## Description of the task
Reproduce the lines below exactly, from the one containing "Героиня новой коллекции" through the one containing "此外,一些專用于廚房的裝飾品", both included. Leave out any pictures.

[Given information Boundary: Start]

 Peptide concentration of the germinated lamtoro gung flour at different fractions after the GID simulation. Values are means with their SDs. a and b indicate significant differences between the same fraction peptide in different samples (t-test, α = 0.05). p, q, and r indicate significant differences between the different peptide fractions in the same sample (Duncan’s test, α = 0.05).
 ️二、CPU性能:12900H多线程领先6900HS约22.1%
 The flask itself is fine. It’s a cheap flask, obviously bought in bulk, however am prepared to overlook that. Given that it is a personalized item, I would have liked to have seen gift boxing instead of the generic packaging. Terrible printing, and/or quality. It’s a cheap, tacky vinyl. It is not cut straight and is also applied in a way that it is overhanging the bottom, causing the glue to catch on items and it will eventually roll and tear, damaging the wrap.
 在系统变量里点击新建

[Given information Boundary: End]
[Given information Boundary: Start]

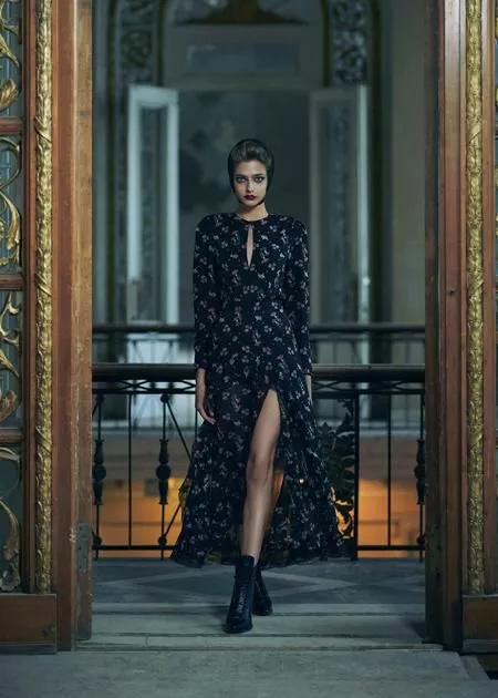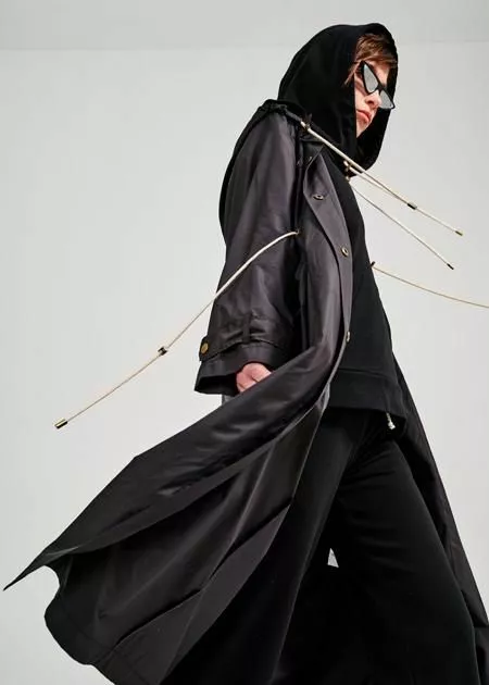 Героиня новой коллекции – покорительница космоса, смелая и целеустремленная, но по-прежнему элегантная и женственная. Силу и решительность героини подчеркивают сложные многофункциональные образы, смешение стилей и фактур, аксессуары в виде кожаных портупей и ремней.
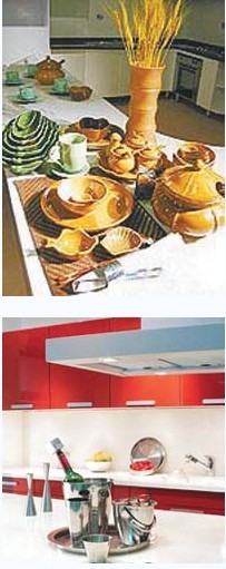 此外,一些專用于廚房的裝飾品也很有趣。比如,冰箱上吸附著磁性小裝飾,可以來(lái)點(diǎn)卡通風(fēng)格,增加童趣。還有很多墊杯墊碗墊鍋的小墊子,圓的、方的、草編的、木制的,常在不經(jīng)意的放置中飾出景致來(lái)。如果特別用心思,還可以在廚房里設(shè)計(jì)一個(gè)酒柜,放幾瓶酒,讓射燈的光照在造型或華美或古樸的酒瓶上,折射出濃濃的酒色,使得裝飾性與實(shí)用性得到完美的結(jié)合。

[Given information Boundary: End]

## Answer to this task
 Героиня новой коллекции – покорительница космоса, смелая и целеустремленная, но по-прежнему элегантная и женственная. Силу и решительность героини подчеркивают сложные многофункциональные образы, смешение стилей и фактур, аксессуары в виде кожаных портупей и ремней.
 此外,一些專用于廚房的裝飾品也很有趣。比如,冰箱上吸附著磁性小裝飾,可以來(lái)點(diǎn)卡通風(fēng)格,增加童趣。還有很多墊杯墊碗墊鍋的小墊子,圓的、方的、草編的、木制的,常在不經(jīng)意的放置中飾出景致來(lái)。如果特別用心思,還可以在廚房里設(shè)計(jì)一個(gè)酒柜,放幾瓶酒,讓射燈的光照在造型或華美或古樸的酒瓶上,折射出濃濃的酒色,使得裝飾性與實(shí)用性得到完美的結(jié)合。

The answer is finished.